Neural Recovery of Historical Lexical Structure in Bantu Languages from Modern Data

We investigate whether neural models trained exclusively on modern morphological data can recover cross-lingual lexical structure consistent with historical reconstruction. Using BantuMorph v7, a transformer over Bantu morphological paradigms, we analyze 14 Eastern and Southern Bantu languages, extract encoder embeddings for their noun and verb lemmas, and identify 728 noun and 1,525 verb cognate candidates shared across 5+ languages. Evaluating these candidates against established historical resources-the Bantu Lexical Reconstructions database (BLR3; 4,786 reconstructed Proto-Bantu forms) and the ASJP basic vocabulary-we confirm 10 of the top 11 noun candidates (90.9%) align with previously reconstructed Proto-Bantu forms, including *-ntU 'person' (8 languages), *gombe 'cow' (9 languages), and *mUn (9 languages). Extending to verbs, 12 verb cognates align with reconstructed Proto-Bantu roots, including *-bon- 'see' and *-jIm- 'stand', each attested across wide geographic ranges. Cross-model validation using an independent translation model (NLLB-600M) confirms these patterns: both models recover cognate clusters and phylogenetic groupings consistent with established Guthrie-zone classifications (p < 0.01). Cross-lingual noun class analysis reveals that all 13 productive classes maintain >0.83 cosine similarity across languages (within-class > between-class, p < 10^-9). Our dataset is restricted to Eastern and Southern Bantu, so we interpret these results as recovering shared Bantu lexical structure consistent with Proto-Bantu rather than definitively distinguishing Proto-Bantu retentions from later regional innovations.

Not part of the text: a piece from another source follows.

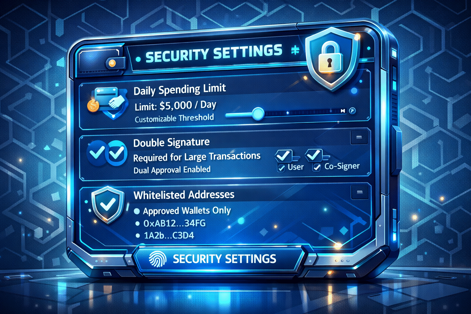 Si un attaquant parvient à accéder à votre interface, il se retrouve bloqué par des règles de sécurité inscrites directement dans le smart contract de votre portefeuille.

翻译：我们探究是否仅基于现代形态数据训练的神经模型能够恢复与历史重建一致的跨语言词汇结构。利用班图形态学范式上的Transformer模型——BantuMorph v7，我们分析了14种东部和南部班图语言，提取其名词和动词词元的编码器嵌入，并识别出跨越5种以上语言的728个名词和1525个动词同源候选词。将这些候选词与既定的历史资源——班图词汇重建数据库（BLR3；包含4786个重建原始班语形式）和ASJP基础词汇进行对照评估后，我们确认前11个名词候选词中的10个（90.9%）与先前重建的原始班语形式一致，包括*-ntU（“人”，8种语言）、*gombe（“牛”，9种语言）和*mUn（9种语言）。扩展到动词领域，12个动词同源词与重建的原始班语词根一致，包括*-bon-（“看见”）和*-jIm-（“站立”），每个词根在广泛地理范围内均有证据支持。使用独立翻译模型（NLLB-600M）进行的跨模型验证进一步确认了这些模式：两个模型均恢复了与既定Guthrie区域分类一致的同源簇和系统发育分组（p < 0.01）。跨语言名词类别分析显示，所有13个能产类别在各语言间的余弦相似度均高于0.83（类内相似度 > 类间相似度，p < 10^-9）。我们的数据集仅限于东部和南部班图语言，因此我们将这些结果解释为恢复了与原始班语一致的共享班图词汇结构，而非明确区分原始班语保留特征与后期区域创新。